Ainda, na esfera municipal, a prefeitura de Pontal do Paraná promulgou o Decreto no. 5532/2016, estabelecendo normas para a emissão dos alvarás de construção na Zona Especial Portuária, com a realização de Estudos de Impactos de Vizinhança (EIV). Segundo o Decreto, caso sejam identificados impactos socioeconômicos, o empreendedor deverá realocar as famílias impactadas (CUNHA, 2018). Existe, de modo bastante evidente, um projeto de desterritorializar as comunidades pesqueiras existentes na área prevista para o novo polo industrial-portuário de Pontal do Paraná.

Esses processos não se dão sem resistências. A Comunidade do Maciel tem buscado apoio junto ao Ministério Público Estadual, bem como a pesquisadores das universidades atuantes na região. Há processos de judicialização em curso, tanto no que se refere aos processos de licenciamento dos empreendimentos e da faixa de infraestrutura quanto em relação às alterações nos instrumentos de ordenamento territorial, feitas sem a devida participação das comunidades, que reivindicaram seus direitos de participação, conforme se pode observar na figura 12 (MAFRA, 2018; CORBARI, 2020). Ações de usucapião também são estratégias utilizadas como forma de reconhecimento do direito à terra, como se observa na figura 05. A comunidade buscou ainda, junto à Secretaria do Patrimônio da União (SPU), com apoio de pesquisadores, reconhecer seu território por meio de um Termo de Autorização de Usos Sustentável (TAUS) (ONOFRE, 2018), encaminhado em 2018 e até o momento sem retorno.

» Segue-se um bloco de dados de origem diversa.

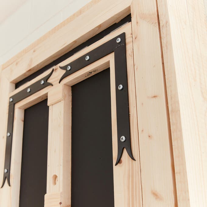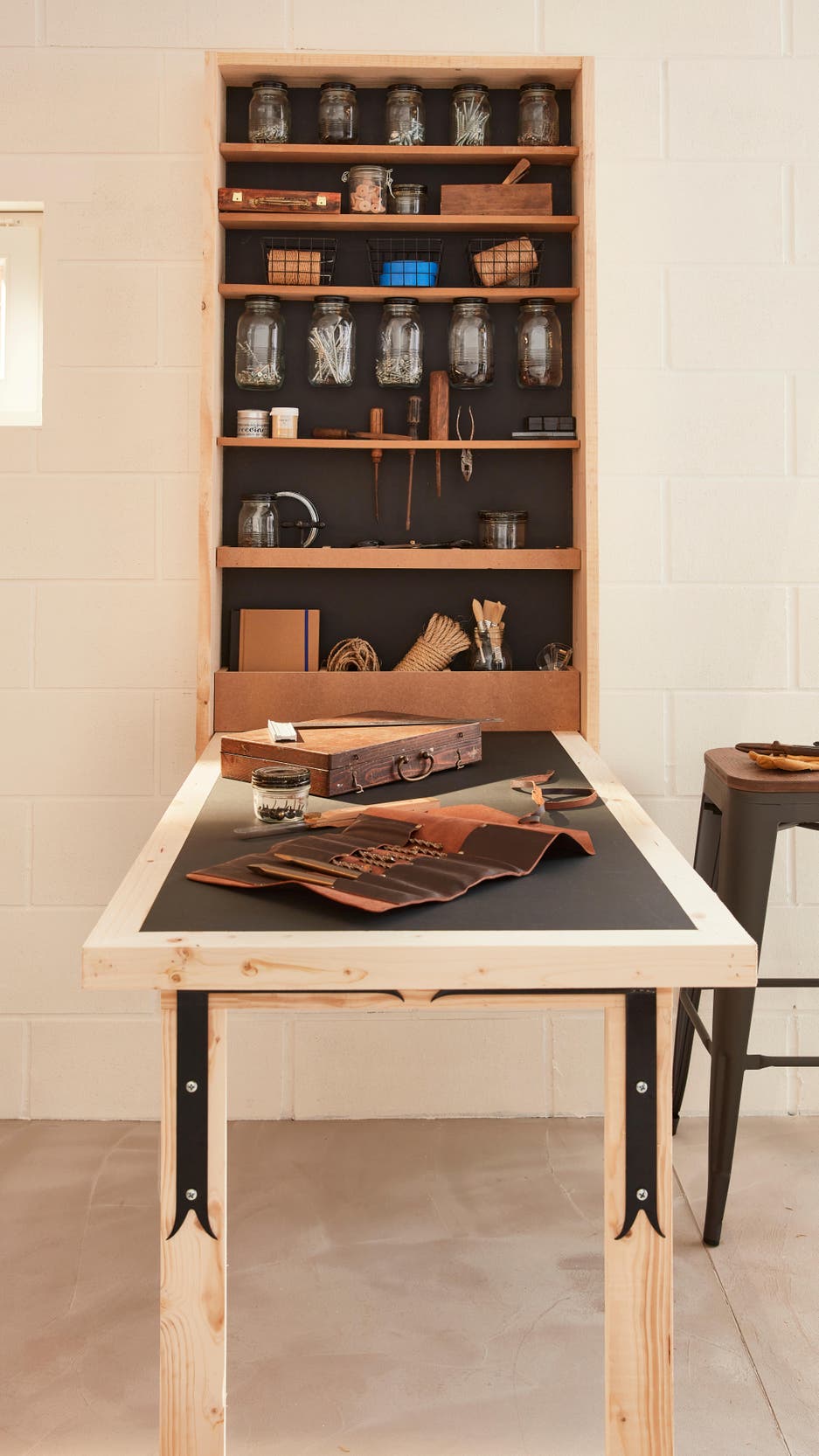 Pour adoucir et compléter cette palette de noir, de gris et de blanc, on mise sur le bois clair : le dessus de l’établi, la table rabattable DIY, les boîtes de rangement et la plupart des outils à main, pratiques et beaux, ajoutent chaleur et authenticité à l’ambiance.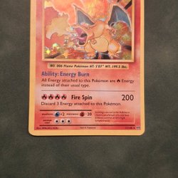 Charizard Pokemon kort fra 2002. Kortet er et Stage 2 Pokemon kort med 120 HP. Det har angrebene Burning Energy og Scorching Whirlwind.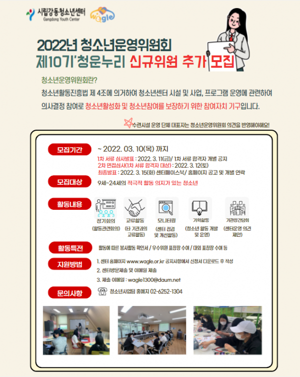 | 2022 û¼Ò³â¿î¿µÀ§¿øÈ¸ Á¦ 10±â û¿î´©¸® ½Å±ÔÀ§¿ø ¸ðÁý(Ãß°¡¸ðÁý) | |||

Figura 5 – Placa que anuncia o direito à terra pelo usucapião de um morador da Comunidade do Maciel.

Tal cenário pode ser compreendido como um caso em que se aplica o conceito de injustiça ambiental. Num cenário de capitalismo liberalizado, com as reformas implementadas nos sistemas políticos nas últimas décadas, há uma distribuição desigual dos benefícios e malefícios do desenvolvimento econômico, recaindo sobre os grupos sociais despossuídos os danos, enquanto os benefícios se concentram aos grandes interesses econômicos (ACSELRAD et al, 2012).